La chambre vote par appel nominal sur l’ensemble de la loi.
Elle est adoptée par les 75 membres qui ont répondu à l’appel.
Deux membres se sont abstenus.
M. de Jaegher. - J’aurais voté contre le budget, si, moins pénétré des améliorations réelles que M. le ministre de la guerre a successivement introduites dans l’administration qui lui est confiée, je n’avais gardé en vue que les abus qui s’y font encore regretter ; j’aurais voté pour, si, sur les réponses aux diverses observations qui lui ont été faites, j’avais pu baser l’espérance qu’il y sera promptement mis un terme.
Si j’en juge par moi-même, la chambre pouvait se passer des détails dans lesquels il a cru devoir entrer pour mettre sa probité personnelle à l’abri de toute attaque ; mais, par cela même qu’il a dû en subir de nouvelles après les protestations réitérées de confiance dont il a fait l’objet, il a dû comprendre qu’une distinction était faite entre le ministre et l’agent responsable des actes du ministère.
Quand on manie la plus grosse part des deniers de l’Etat, il ne suffit pas d’être honnête homme, il faut encore savoir repousser ceux qui abusent de la facilité de ne pas l’être.
Le travail de la chambre sur le budget de la guerre, quelque stérile qu’il soit resté en résultats, ne me paraît pas perdu : à cette année, les semailles ; à la suivante, la récolte.
Je tiens à honneur de n’avoir pas insisté sur de mesquines économies, mais je tiens à honneur aussi d’en avoir indiqué de considérables à réaliser avec le temps, par le développement de la force morale de l’armée qui, sans affaiblir ses moyens d’action, permettrait de réduire sa force numérique. C’est au ministre, prévenu maintenant, à aviser aux moyens de s’assurer à l’avenir de l’appui de ceux qui partagent l’opinion que j’ai émise à cet égard.
Les motifs de mon abstention sont à déduire de ce qui précède.
M. Demonceau. s’est abstenu parce qu’il n’a pu assister à la discussion.
« Art. 1er. Frais d’entretien et de nourriture des détenus : fr. 700,000. »

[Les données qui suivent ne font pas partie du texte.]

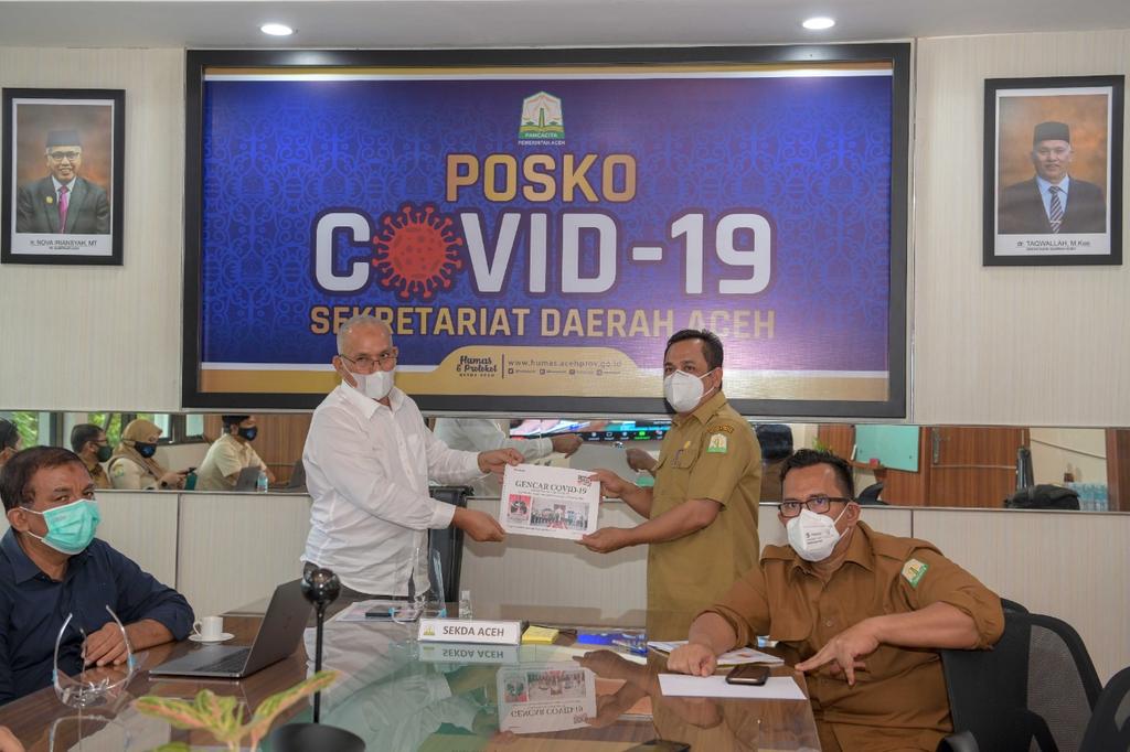 Peluncuran Gerakan Nakes Aceh Cegah Covid-19, dilakukan via konferensi video dan diikuti oleh seluruh Bupati/Wali Kota, Dinas Kesehatan kabupaten/Kota dan RSUD se-Aceh, di Ruang Rapat Sekda Aceh.

M. le ministre de la justice (M. Ernst). - J’avais promis, messieurs, de répondre aux observations qui ont été faites par un honorable député de Namur au sujet du compte-rendu de l’administration de la justice criminelle.
J’ai eu l’honneur de dire à la chambre que je ne revendiquais qu’un mérite pour ce travail, l’exactitude. Comme ce mérite a été mis en question, la chambre me permettra d’entrer dans quelques considérations.
A la page 9 du rapport au Roi on lit ces mots :
(L’orateur donne lecture de ce passage du rapport.)
L’honorable député de Namur a fait à cet égard l’observation suivante : Dans les autres provinces on a défalqué les accusés pour pillages politiques tandis qu’on ne l’a pas fait pour la province de Namur, et qu’on a gratifié en outre cette province de toute la bande Tornaco. De cette manière on a placé la province de Namur dans une exception défavorable. Il semblerait d’après ces paroles que l’on aurait suivi une règle différente pour la province de Namur. J’en aurais beaucoup de regret. Car pour ma part, je porte le même intérêt à la province de Namur qu’à toutes les provinces du royaume. Je serais même fâché que par erreur, l’on eût fait quelque chose qui pût blesser l’honorable susceptibilité des Namurois.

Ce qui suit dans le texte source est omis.